▼

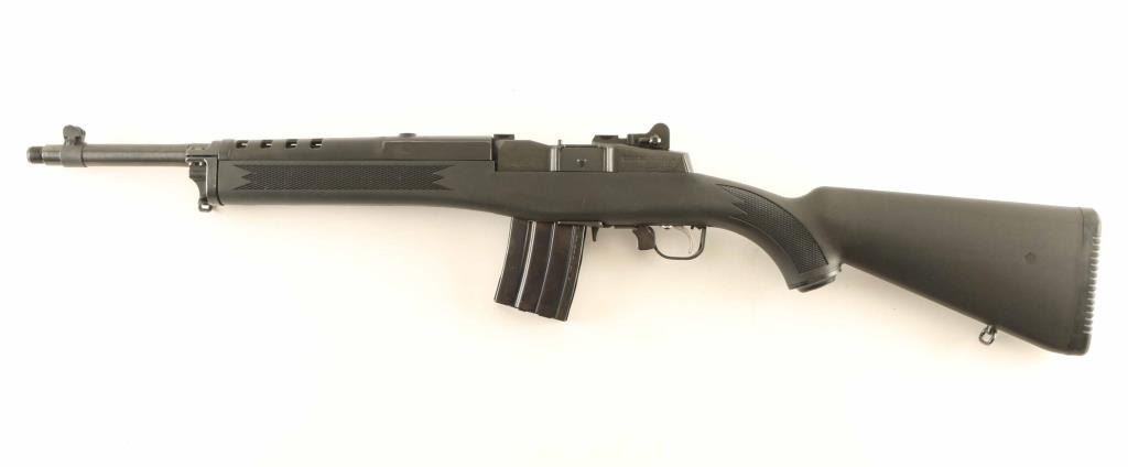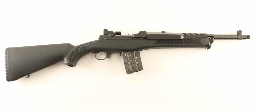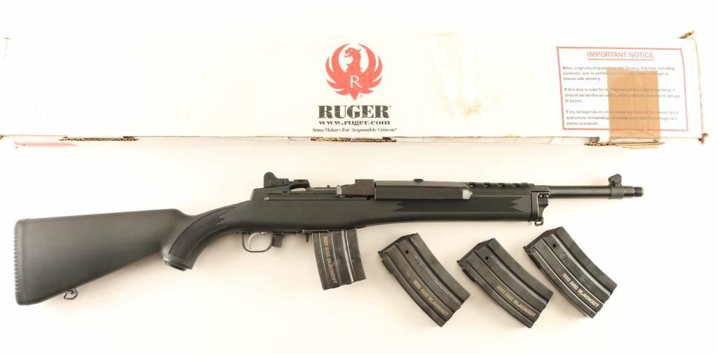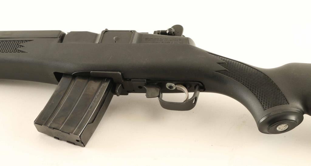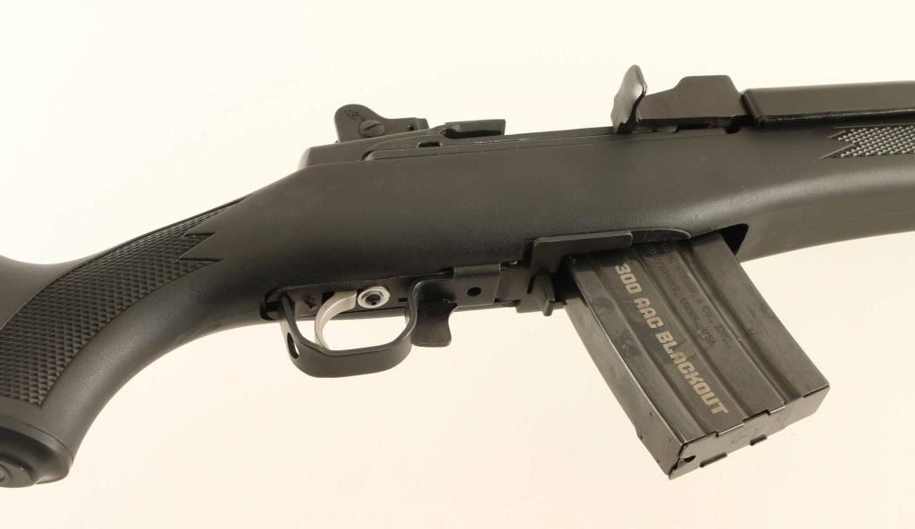 'Ranch Rifle' Gas operated semi-automatic sporting rifle chambered in .300 Blackout. Features a blued finish, 16.2" threaded barrel, shrouded blade front sight, adjustable Tech-SIGHT MINI200 aperture rear sight, integral scope base cuts in the receiver, smooth trigger, manual safety, factory 20 round detachable magazine, investment cast receiver, sling swivels, ventilated black polymer hand guard and one-piece checkered black synthetic pistol grip shoulder stock with rubber recoil pad. Includes the original factory cardboard box with lock, rings and three spare 20 round factory magazines. Rifle retains approximately 94% of it's original finish showing light handling marks, finish loss on the integral scope bases and light action wear on the receiver & bolt. Action is smooth, the bore is excellent, and the synthetic stock is fine. Condition is NRA Very Good++ in box. ***Modern Firearm***
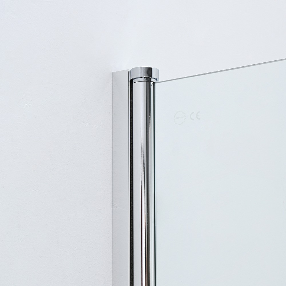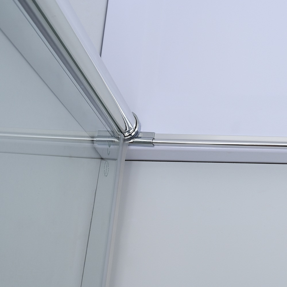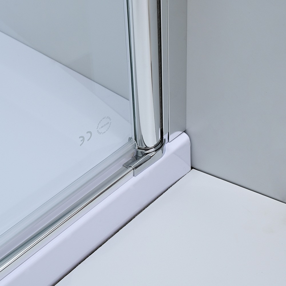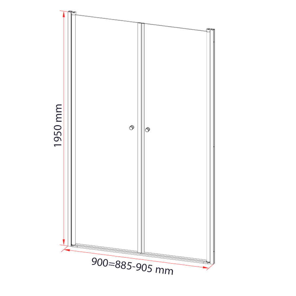 Ușa de duș este echipată cu un profil lustruit din aliaj de aluminiu, sticlă securizată transparentă de 5 mm și un mâner din zinc. Modelul măsoară 90 x 195 cm și este reglabil între 885-905 mm.
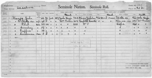 | Keywords: Enrollment for Seminole Census Card 212 - NARA - 267786.jpg Scope and content Name Carpitche Emarther Type Parent Sex Male Name Cuffee Harjo Type By Blood Age 10 Sex Male Degree Indian Blood Full Roll Number 739 City of Residence wc Name Lousanna Harjo Type By Blood Age 8 Sex Female Degree Indian Blood Full Roll Number 740 City of Residence wc Name Petakee Harjo Type By Blood Age 48 Sex Female Degree Indian Blood Full Roll Number 736 City of Residence wc Name Pilot Harjo Type By Blood Age 23 Sex Male Degree Indian Blood Full Roll Number 737 City of Residence wc Name Sunday Harjo Type By Blood Age 17 Sex Male Degree Indian Blood Full Roll Number 738 City of Residence wc Name Yaha Harjo Type By Blood Age 46 Sex Male Degree Indian Blood Full Roll Number 735 City of Residence yh Name Kinnana Type Parent Sex Female City of Residence wc Name Sofa Type Parent Sex Female City of Residence wc Name Tilthleka Type Parent Sex Female City of Residence yh Name Woxie Yaholar Type Parent Sex Male General notes 267786 Local identifier 75-53A-SEMINOLE 212 Department of the Interior Office of Indian Affairs Office of the Commissioner to the Five Civilized Tribes 1893 - 1914 NARA's Southwest Region Fort Worth NRFA 1400 John Burgess Drive Fort Worth TX 76140 Record group Record Group 75 Records of the Bureau of Indian Affairs 1793 - 1999 Record group ARC 404 Enrollment Cards compiled 1898 - 1914 Series ARC 251747 File unit File unit ARC Variant control numbers NAIL Control Number NRFF-75-53A-30873<br /> NAIL Control Number NRFF-75-53A-34268<br /> NAIL Control Number NRFF-75-53A-34640<br /> NAIL Control Number NRFF-75-53A-34965<br /> NAIL Control Number NRFF-75-53A-34974<br /> NAIL Control Number NRFF-75-53A-35077<br /> NAIL Control Number NRFF-75-53A-35322<br /> NAIL Control Number NRFF-75-53A-38775<br /> NAIL Control Number NRFF-75-53A-47554<br /> NAIL Control Number NRFF-75-53A-49902<br /> NAIL Control Number NRFF-75-53A-52340<br /> NAIL Control Number NRFF-75-53A-SEMINOLE 212 Other versions <gallery> File Enrollment_for_Seminole_Census_Card_212_-_NARA_-_267786 tif tif File Enrollment_for_Seminole_Census_Card_212_-_NARA_-_267786 jpg jpg </gallery> NARA-cooperation PD-USGov Seminole census cards |

▲

# [EXERCISE PROMPT]
Print the material in full and exactly; the pictures must not be printed.

# [RESULT OF THE EXERCISE]
 'Ranch Rifle' Gas operated semi-automatic sporting rifle chambered in .300 Blackout. Features a blued finish, 16.2" threaded barrel, shrouded blade front sight, adjustable Tech-SIGHT MINI200 aperture rear sight, integral scope base cuts in the receiver, smooth trigger, manual safety, factory 20 round detachable magazine, investment cast receiver, sling swivels, ventilated black polymer hand guard and one-piece checkered black synthetic pistol grip shoulder stock with rubber recoil pad. Includes the original factory cardboard box with lock, rings and three spare 20 round factory magazines. Rifle retains approximately 94% of it's original finish showing light handling marks, finish loss on the integral scope bases and light action wear on the receiver & bolt. Action is smooth, the bore is excellent, and the synthetic stock is fine. Condition is NRA Very Good++ in box. ***Modern Firearm***
 Ușa de duș este echipată cu un profil lustruit din aliaj de aluminiu, sticlă securizată transparentă de 5 mm și un mâner din zinc. Modelul măsoară 90 x 195 cm și este reglabil între 885-905 mm.
 | Keywords: Enrollment for Seminole Census Card 212 - NARA - 267786.jpg Scope and content Name Carpitche Emarther Type Parent Sex Male Name Cuffee Harjo Type By Blood Age 10 Sex Male Degree Indian Blood Full Roll Number 739 City of Residence wc Name Lousanna Harjo Type By Blood Age 8 Sex Female Degree Indian Blood Full Roll Number 740 City of Residence wc Name Petakee Harjo Type By Blood Age 48 Sex Female Degree Indian Blood Full Roll Number 736 City of Residence wc Name Pilot Harjo Type By Blood Age 23 Sex Male Degree Indian Blood Full Roll Number 737 City of Residence wc Name Sunday Harjo Type By Blood Age 17 Sex Male Degree Indian Blood Full Roll Number 738 City of Residence wc Name Yaha Harjo Type By Blood Age 46 Sex Male Degree Indian Blood Full Roll Number 735 City of Residence yh Name Kinnana Type Parent Sex Female City of Residence wc Name Sofa Type Parent Sex Female City of Residence wc Name Tilthleka Type Parent Sex Female City of Residence yh Name Woxie Yaholar Type Parent Sex Male General notes 267786 Local identifier 75-53A-SEMINOLE 212 Department of the Interior Office of Indian Affairs Office of the Commissioner to the Five Civilized Tribes 1893 - 1914 NARA's Southwest Region Fort Worth NRFA 1400 John Burgess Drive Fort Worth TX 76140 Record group Record Group 75 Records of the Bureau of Indian Affairs 1793 - 1999 Record group ARC 404 Enrollment Cards compiled 1898 - 1914 Series ARC 251747 File unit File unit ARC Variant control numbers NAIL Control Number NRFF-75-53A-30873<br /> NAIL Control Number NRFF-75-53A-34268<br /> NAIL Control Number NRFF-75-53A-34640<br /> NAIL Control Number NRFF-75-53A-34965<br /> NAIL Control Number NRFF-75-53A-34974<br /> NAIL Control Number NRFF-75-53A-35077<br /> NAIL Control Number NRFF-75-53A-35322<br /> NAIL Control Number NRFF-75-53A-38775<br /> NAIL Control Number NRFF-75-53A-47554<br /> NAIL Control Number NRFF-75-53A-49902<br /> NAIL Control Number NRFF-75-53A-52340<br /> NAIL Control Number NRFF-75-53A-SEMINOLE 212 Other versions <gallery> File Enrollment_for_Seminole_Census_Card_212_-_NARA_-_267786 tif tif File Enrollment_for_Seminole_Census_Card_212_-_NARA_-_267786 jpg jpg </gallery> NARA-cooperation PD-USGov Seminole census cards |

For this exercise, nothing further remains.